La ciudad antigua es un laberinto de estrechas callejuelas con las casas pintadas de
blanco rodeado por una muralla que data de la época de Felipe II.
El Papa Luna
Es el personaje mas relevante que ha habitado en la ciudad, y gracias a su
presencia Peñíscola será unas de las únicas tres ciudades "sede pontificia"
que han existido. Miembro de una noble familia aragonesa, don Pedro de Luna fue elegido
Papa en Avignon con el nombre de Benedicto XIII durante el cisma que dividió la Iglesia a
finales de siglo XIV. Depuesto de su cargo en el concilio de Constanza en 1414, vivió
refugiado hasta su muerte en 1423 en el castillo de Peñíscola convencido de su
legitimidad como Papa.
Castillo
Fue levantado por los Templarios y pese a las graves destrucciones sufridas en
las guerras de Sucesion y de la Independencia, conserva bellas bóvedas y ventanas
góticas. El Papa Luna lo hizo reformar para adecuarlo a las exigencias de su pequeña
corte pontificia, y pueden verse todavía la capilla y las habitaciones de Benedicto XIII.
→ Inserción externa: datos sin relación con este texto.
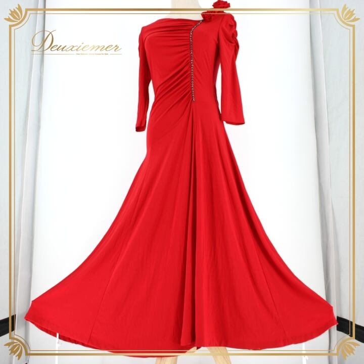 社交ダンス 衣装 スタンダード ドレス ワンピース レッスンウェア パーティドレス オールシーズン 赤 レッド系 ラインストーン 派手 シンプル 鮮やか フレア ドレープ エレガント カジュアル 大人 レディース フォーマル おしゃれ 着やすい 薄手 伸縮性 おもてなし ダンスパーティー マッチング 着替え 快適

Iglesia parroquial de la Virgen del Socorro
Conserva una portada de tradición románica y fue reconstruida tras un incendio
en la primera mitad del siglo XV, cubriendose con bóvedas de crucería. Fue ampliada en
el siglo XVIII. Una parte de las joyas propiedad del Papa Luna pueden verse en el Tesoro
Parroquial.
Eremitorio de la Virgen de la Ermitana
Está situado junto al castillo y la obra data de principios del siglo XVIII.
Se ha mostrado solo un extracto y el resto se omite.